Asia Minute: Hong Kong High Court Rules in Favor of Gay Civil Servant

Jun 7, 2019

Angus Leung Chun-kwong, a senior immigration officer, right, and Scott Adams, a same-sex couple who married in New Zealand speak to the media outside the Court of Final Appeal in Hong Kong, Thursday, June 6, 2019. Hong Kong's Court of Final Appeal said Thursday the government cannot deny spousal employment benefits to same-sex couples, in a ruling hailed as a major step forward for same-sex equality in the semi-autonomous Chinese territory.
Credit AP Photo/Kin Cheung

It’s been about five and a half years since same-sex marriage has been legal in Hawaii. In most countries in the Asia Pacific, those marriages are not recognized. But LGBT activists are cheering a decision this week by the highest court in Hong Kong.

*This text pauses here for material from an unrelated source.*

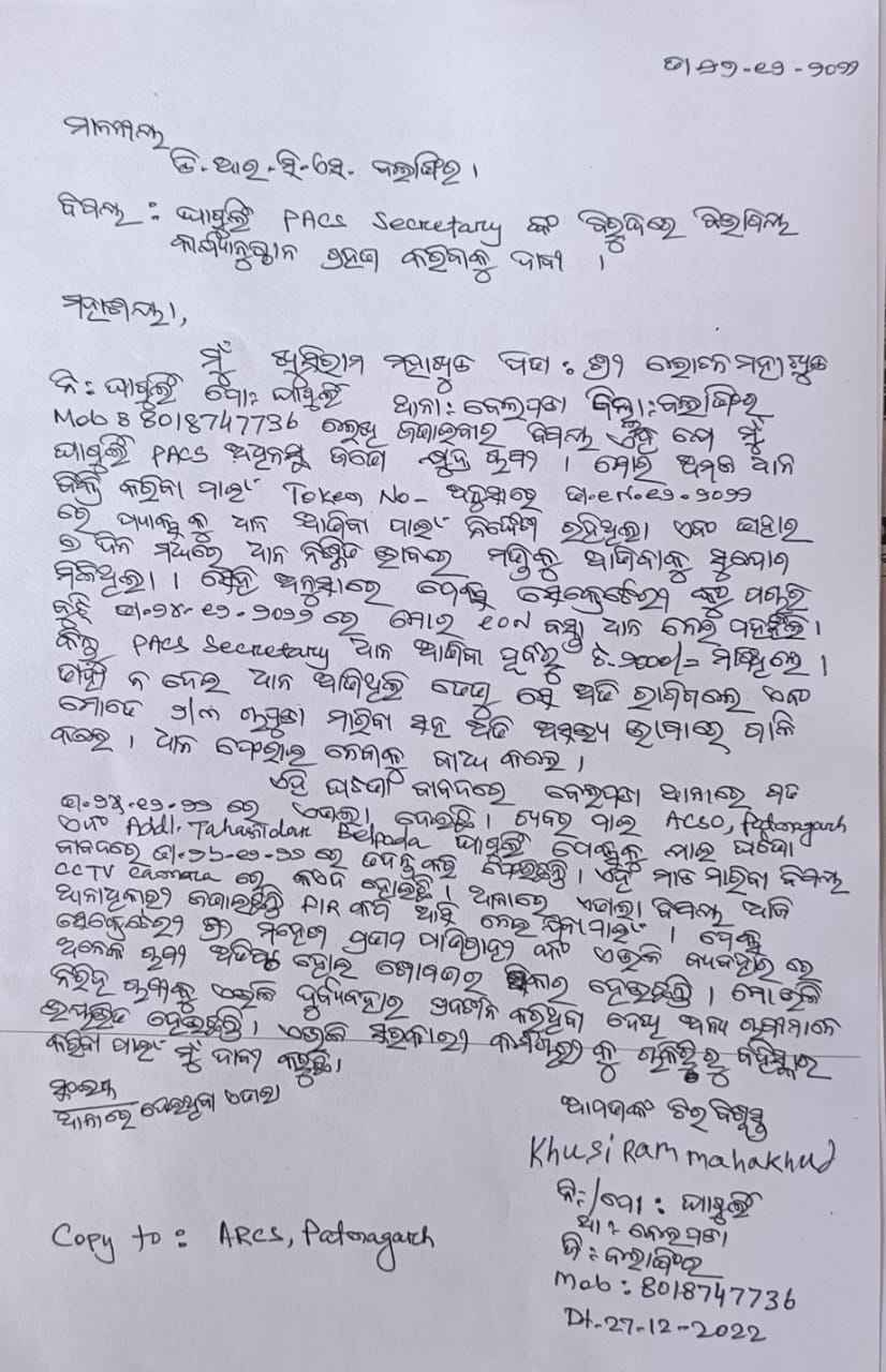 ବେଲପଡ଼ା(ପ୍ରେରଣା ଖବର) - ବଲାଙ୍ଗୀର ଜିଲ୍ଲା ବେଳପଡ଼ା ଅନ୍ତର୍ଗତ ଘାଘୂର୍ଲି ପେକ୍ସ ସମ୍ପାଦକ ମହେଶ ପ୍ରତାପ ପାଣିଗ୍ରାହୀ ଙ୍କ ବିରୁଦ୍ଧରେ ଚାଷୀ ଖୁସିରାମ୍ ମହାକୁଡ ଆଣିଛନ୍ତି ସଙ୍ଗୀନ ଅଭିଯୋଗ । ପେକ୍ସ୍ ସମ୍ପାଦକ କୁଆଡେ ଖୁଶିରାମ ଙ୍କୁ ୨/୩ ଚାପୁଡ଼ା ମାରିବା ସହ ଅଶ୍ଳୀଳ ଭାଷାରେ ଗାଳିଗୁଲଜ କରିଥିଲେ ।ଖବର ପାଇ ଅତିରିକ୍ତ ତହସିଲଦାର ବେଳପଡ଼ା ଏବଂ ଏସି ଏସ ଓ ପାଟଣାଗଡ଼ ଘାଘୁର୍ଲି ପେକ୍ସ୍ କୁ ଯାଇ ତଦନ୍ତ କରିଥିଲେ । ଉପରୋକ୍ତ ଘଟଣା କୁ ନେଇ ଚାଷୀ ବେଳପଡ଼ା ଥାନାରେ ଗତ ତା ୨୫.୧୨.୨୦୨୨ ରିଖ ପେକ୍ସ୍ ସମ୍ପାଦକ ମହେଶ ପ୍ରତାପ ପାଣିଗ୍ରାହୀ ଙ୍କ ବିରୁଦ୍ଧରେ ଏତଲା ଦେଇଥିଲେ । ସୂଚନା ଅନୁଯାୟୀ ଖୁଶିରାମ୍ ଘଘୁର୍ଲି ପେକ୍ସ୍ ଅଧିନସ୍ଥ ଜଣେ କ୍ଷୁଦ୍ର ଚାଷୀ ଅଟନ୍ତି । ତାଙ୍କର ଅମଳ ଧାନ ବିକ୍ରି କରିବା ପାଇଁ ପାଇଥିବା ଟୋକନ୍ ଅନୁସାରେ ସେ ୧୯.୧୨.୨୦୨୨ ରେ ପେକ୍ସ୍ କୁ ଧାନ ଦେବା ପାଇଁ ନିର୍ଦ୍ଦେଶ ରହିଥିଲା ଏବଂ ୭ ଦିନ ମଧ୍ୟରେ ଧାନ ନିଶ୍ଚିତ ଭାବରେ ମଣ୍ଡିକୁ ଆଣିବାର ସୁଯୋଗ ମିଳିଥିଲା । ସେହି ଅନୁସାରେ ସେ ପେକ୍ସ୍ ସମ୍ପାଦକ ଙ୍କୁ ପଚାରି ତା,୨୪.୧୨.୨୦୨୨ ରିଖରେ ୧୦୯ ବସ୍ତା ଧାନ ନେଇ ପହଞ୍ଚିଥିଲେ ।ଧାନ ଆଣିବା ଦେଖି ମହେଶ ରାଗିଯାଇ ଖୁସୀରାମ ଙ୍କୁ ୨/୩ ଚାପୁଡ଼ା ମାରିବା ସହ ଅଶ୍ଳୀଳ ଭାଷାରେ ଗାଳିଗୁଲଜ କରିଥିବା ଲିଖିତ ଅଭିଯୋଗ କରିଛନ୍ତି । ରାଗି ଚାପୁଡ଼ା ମାରିବା ର କାରଣ ,ସମ୍ପାଦକ ମହେଶ କୁଆଡେ ଚାଷୀ ଖୁସୀରାମ୍ ଙ୍କୁ ଧାନ ଆଣିବା ପୂର୍ବରୁ ୨୦୦୦ ଟଙ୍କା ଲାଞ୍ଚ ମାଗିଥିଲେ । ୨୦୦୦ ଟଙ୍କା ନ ଦେଇ ଧାନ ଧରି ସିଧା ସଳଖ ମଣ୍ଡି କୁ ଆସିଥିବାରୁ ସମ୍ପାଦକ ରାଗିଯାଇ ଚାପୁଡ଼ା ମାରିଥିବା ଖୁଶୀରାମ ଲିଖିତ ଅଭିଯୋଗ କରିଛନ୍ତି । ପେକ୍ସ୍ ସମ୍ପାଦକ ଙ୍କ ଏଭଳି ବ୍ୟବହାର ରେ ଚାଷୀ ଅତିଷ୍ଟ ହୋଇଥିଲେ । ଏଭଳି ଦୁର୍ନୀତି ଯୋଗୁଁ ବିଗତ ଦିନରେ ପେକ୍ସ୍ ସମ୍ପାଦକ ମାନଙ୍କୁ ଚାକିରିରୁ ବହିଷ୍କୃତ କରାଯାଇଥିବା ନଜିର୍ ରହିଛି । ତେବେ ଉପରୋକ୍ତ ସମ୍ବେଦନଶୀଳ ଘଟଣା ପାଇଁ ଚାଷୀ ଖୁଶୀରାମ୍ ସମ୍ପାଦକ ମହେଶ ଙ୍କୁ ଚାକିରିରୁ ବହିଷ୍କାର କରିବା ପାଇଁ ଡି ଆର ସି ଏସ ଙ୍କୁ ଲିଖିତ ଅଭିଯୋଗ କରିଛନ୍ତି।

Hong Kong’s Court of Final Appeal has ended a four-year legal battle in favor of a gay civil servant who wanted spousal and tax benefits for his husband.

The story begins in 2014, when Hong Kong immigration officer Angus Leung married Scott Adams in New Zealand. But Mr. Adams was denied the benefits granted to the spouses of Hong Kong civil servants — including medical coverage.

The couple sued the government — starting a process that first supported the couple, but then was reversed on appeal only to have the high court reverse it again — ruling in favor of the couple and agreeing that denying the benefits would be discriminatory.

Chief Justice Geoffrey Ma asked, “How is it said that allowing Mr. Adams medical and dental benefits weakens the institution of marriage in Hong Kong?”

The nonprofit news organization Hong Kong Free Press quotes a statement from the couple calling the decision “a small step for equality in Hong Kong.”

Adding, “We urge the government to review and amend all the discriminatory legislation and polices to prevent further legal battles — which are costly, time-consuming, and unnecessary.”

Just last month, Taiwan’s government became the first in Asia to legalize same-sex marriage.

That process of changing the law in Taiwan’s legislature began with a decision from the island’s Constitutional Court.